### Problem to solve
The word to look for is "février". Report every line of the entries below that has it.

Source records
-- Opening Marker --
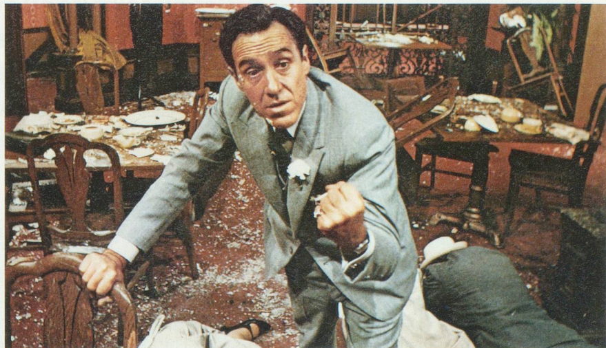
En 1929, la guerre des gangs battait son plein à Chicago. Elle trouvera son apothéose avec le massacre du 14 février.

Bref, pour en revenir au jour des amoureux, c'est bien le 14 février 1929
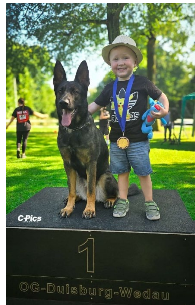
LG-Jugendschau – Kind trifft Hund
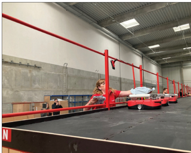
Obr. 2. Zásilka je po načtení čárového kódu naložena na vozík Packman

Vozíky AGV Packman uvezou zásilky o rozměrech až 40 × 40 × 50 cm a hmotnosti až 15 kg. Vozíky dokážou jezdit a třídít zásilky na jedno nabití dvě hodiny a nabíjejí se pouhých 10 min. Oproti systému, kdy zásil-
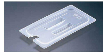
③ 半透明フードパン用 切込・取手付カバー (AHC-54)
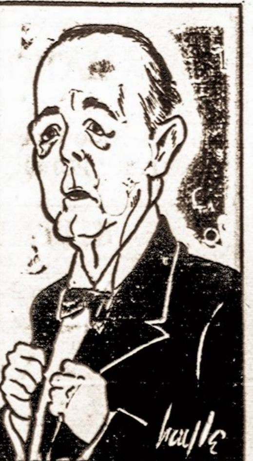
TO PARLEY—This caricature is of Viscount Walter Runciman, British mediator in the Czech-Sudeten dispute, who has been recalled from Prague to London. Presumably his presence was desired in London that he might give advice to Prime Minister Chamberlain and the Cabinet, following Chamberlain's visit to Hitler in Germany. Political observers wondered, however, if he would return to his conversations in Prague.

Please address all mail concerning this page to the editor, 104-40 117th Street, Richmond Hill, New York. Manuscript should be written on one side of the paper and will not be returned unless accompanied by stamped, self-addressed envelope.
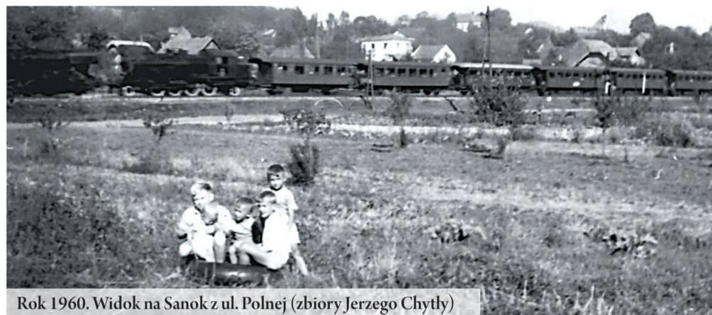
Rok 1960. Widok na Sanok z ul. Polnej

dy i sady należące do rodziny Ścibor-Rylskich, podobnie jak wybudowana pod koniec XIX w. rezydencja. Natomiast później, gdy została wybudowana Kolej Transwersalna i przystanek przy ul. Grunwaldzkiej, to połączono ulicę Kościuszki z ulicą Słowackiego i podzielono ją na ulicę Sienkiewicza i ulicę Głowackiego.
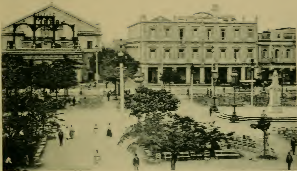
Parque Central—Viendo el Teatro de Tacon y Hotel de Inglaterra. Central Park—View toward Tacon Theatre and Hotel Inglaterra
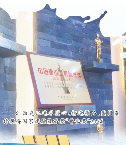
江西建工追求卓越、打造精品，集团累计获得国家建筑最高奖“鲁班奖”24项

数字是最有力的说明。截至目前，江西建工累计完成企业生产总值5000亿元，建成各类项目2.2万余个。尤其是改制以来的十年间，集团上缴利税209亿元，每年为10万余名农民工提供了稳定的就业岗位，在助推全省经济发展的同时，维护了企业和社会的稳定。
-- Closing Marker --
### Problem solution
En 1929, la guerre des gangs battait son plein à Chicago. Elle trouvera son apothéose avec le massacre du 14 février.
Bref, pour en revenir au jour des amoureux, c'est bien le 14 février 1929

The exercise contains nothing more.